Вуд живо махнул палочкой, пользуясь минутной заминкой своего беспокойного пациента и связывая его Инкарцеро. Он не хотел этого делать, но другого выбора просто не было — Флинт сегодня особенно буйствовал, не давая влить в себя лекарства и активно сопротивляясь. Скалил зубы, кричал и всё плёл какую-то чушь, в которой часто мелькали слова “дементоры”, “не трогайте”, “Монтегю-урод” и его, Оливера, собственная фамилия. Он уже убедился, что разобраться в этом бессвязном лепете было делом безнадёжным. Поначалу ещё пытался внимательно вслушиваться, особенно после того, как Флинт начал упоминать его имя, но всё было тщетно, и в конце концов Оливер бросил провальные попытки и теперь старался, едва приступ начинался, сразу утихомирить Флинта зельями и не мучиться.

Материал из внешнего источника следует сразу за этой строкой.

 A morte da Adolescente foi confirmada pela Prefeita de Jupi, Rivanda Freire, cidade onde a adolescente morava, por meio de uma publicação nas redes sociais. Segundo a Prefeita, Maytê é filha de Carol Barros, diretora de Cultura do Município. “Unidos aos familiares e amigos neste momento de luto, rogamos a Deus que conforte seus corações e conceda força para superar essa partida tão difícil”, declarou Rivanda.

“Скоро Рождество… — пришло вдруг в голову, когда взгляд случайно упал на заснеженное дерево за окном. — Первый мирный праздник после войны…”

— Он смотрел на меня! — с новой силой закричал Флинт, остервенело забившись в своих путах — за всё это время физически он уже достаточно окреп, вот только в разум по-прежнему не возвращался. Ол печально вздохнул. — Смотрел! Это самое счастливое воспоминание, не отнимайте его! Нет… Вуд!!!

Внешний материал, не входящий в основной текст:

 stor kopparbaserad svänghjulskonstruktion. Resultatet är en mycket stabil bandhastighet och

— Маркус! — попробовал ещё раз достучаться до больного тот — он, не смотря ни на что, регулярно продолжал это делать, лелея надежду, что, может быть, ещё не всё потеряно. Надежда была очень слаба и таяла с каждым прожитым серым и унылым днём — здесь, в этой тусклой комнате с тяжёлой атмосферой болезни и страха, — но Вуд лишь упрямо вздёргивал подбородок. И продолжал звать и звать Флинта, в то время как тот, не слыша его в настоящем, всё также звал в своём, иллюзорном мире. Какая ирония.

Приступы накатывали на Флинта циклично, и в минуты покоя, когда он затихал и лежал смирно, дыша ровно и размеренно — будто просто устал и заснул после трудного дня, Оливер сидел рядом и разговаривал с ним. Рассказывал всё-всё, потому что больше некому было. О своём страхе и растерянности. О том, как сражался, о своих мыслях в тот миг. Как было жутко, как стучало сердце. О горечи потерь, о смерти Фреда — одного из лучших друзей — и о том, что Джордж теперь замкнулся, закрылся ото всех и напоминает пустую оболочку. Словно он тоже умер вместе с братом.

Оливер знал, что Флинту всё это не интересно — его дела, его эмоции. Будь тот в сознании, он бы давно уже заставил его заткнуться, отметелил и выгнал взашей, но тот лишь лежал с закрытыми глазами, тяжело дышал и всхлипывал, обливаясь потом и судорожно стискивая кулаки — постоянно. И Вуд утешал себя тем, что, раз уж Флинт всё равно не в себе, то с него не убудет, верно? А ему просто необходимо было говорить. Говорить, говорить без умолку, зная, что его никто не слышит. И на душе всё равно становилось легче.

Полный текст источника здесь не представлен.